The updated description of the good neighborly relationship between Norway and Russia started Monday last week. The Norwegian police security services told us that “the Russian security and intelligence services will represent the biggest challenges”. What Russia does, counterintelligence chief Hanne Blomberg expanded, is to “steal information and affect Norwegian decisions in a direction that serves Russia. They represent a serious and long-term threat against Norway”.

It only got worse when the Foreign Intelligence Services presented its analyses a week later. Lieutenant-General Morten Haga Lunde told us about new Russian weapons that make it possible for “Norway to end up behind Russian lines and with increased capacity this will be hard to prevent”.

As if we did not fully understand the gravity of the situation, Defense Minister Frank Bakke Jenssen followed up with a letter to Stortinget, the Norwegian parliament, in which he stated hat “the armed forces have a limited capacity to shoot down long-distance cruise missiles, and no capacity to shoot down ballistic missiles”.

Perhaps NATO Secretary-General Jens Stoltenberg thought some may have missed the gravity of the situation. Anyhow, he felt the need to literally paint an even bleaker image of the situation:

If you see such a missile coming towards you [long-distance missile, journ.note], you do not know whether it is a conventional weapon or a nuclear one. That causes insecurity and increases the chance of erroneous assessment, misunderstandings and wrongful decisions in a situation under pressure.”

What do they want to tell us?

There is a good ten-minute drive from Kirkenes to the reality described by our most prominent experts. In the conference hall, before the attendees of the Kirkenes Conference, State Secretary Audun Halvorsen of the Norwegian MFA gave one of the most complete political reviews of the High North that I have ever heard.

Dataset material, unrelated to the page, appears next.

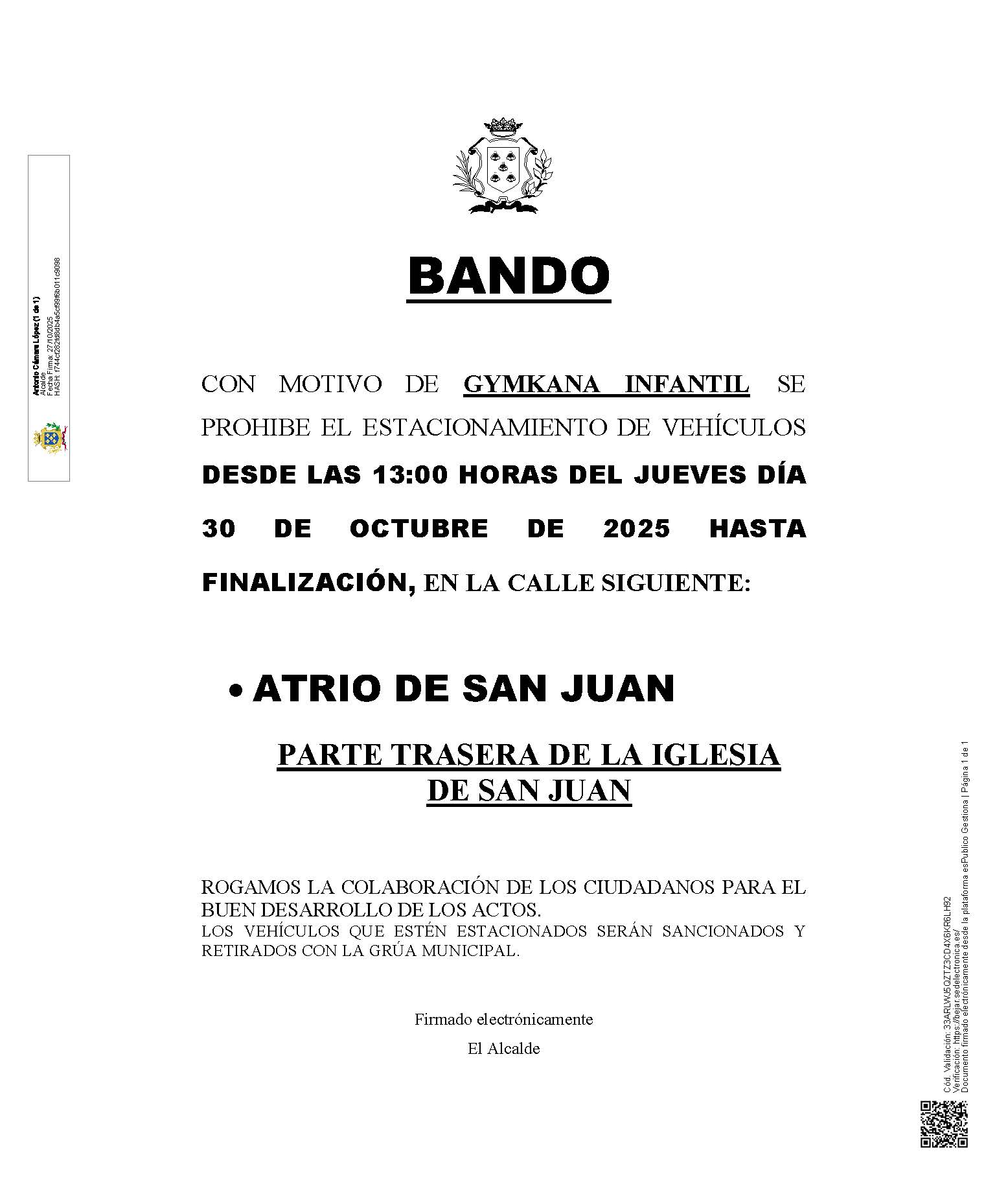 Con motivo de la gymkana infantil, por la zona de San Juan con motivo de la programación de Halloween, se prohíbe el estacionamiento de vehículos desde las 13:00 horas del jueves día 30 de octubre de 2025 hasta finalización de la actividad, en la calle siguiente:

Which if why he, of course, touched upon security policy challenges in his speech.

“We see Russia continuing to strengthen its military capacity through modernization and development of military capacity. This build-up is particularly strong on the Kola Peninsula, not far from where we stand. We see Russia conducting massive, complex military exercises on land and at sea, and that some of this activity takes place near our neighborhood.”

Sitting in the back row of a conference hall, I try to understand what the official Norway wants to tell us. Because while the gun smoke of security policy analyses still drifts over our heads, the discussion goes on about good neighborly relations, climate, business development, the importance of culture, demographic challenges, Arctic strategies and, in general, “business as usual”.

Requires two parties

It is even hard to focus on the severity of climate changes when the military industry is the strongest-growing industry.

For how are we, as local actors, to stay focused on something as marginal as the electrification of a ferry along the Nordland coastline when the arms industry literally torpedos any reasonable climate account balance?

Marginally, but as important - at least symbolically - is it when the first day of the Kirkenes Conference closes with an award ceremony in the name of Thorvald Stoltenberg. The Stoltenberg Award goes to someone who has promoted international dialogue and contact in the Barents Region. This year, the award went to Barents Press International, a gathering of free and independent journalists who work precisely with spreading knowledge and inviting dialogue across borders in the High North.

The award was well deserved, also because it encourages raising critical questions to both parties in the ongoing military escalation.

For it takes at least two parties to create both good an bad neighborly relations.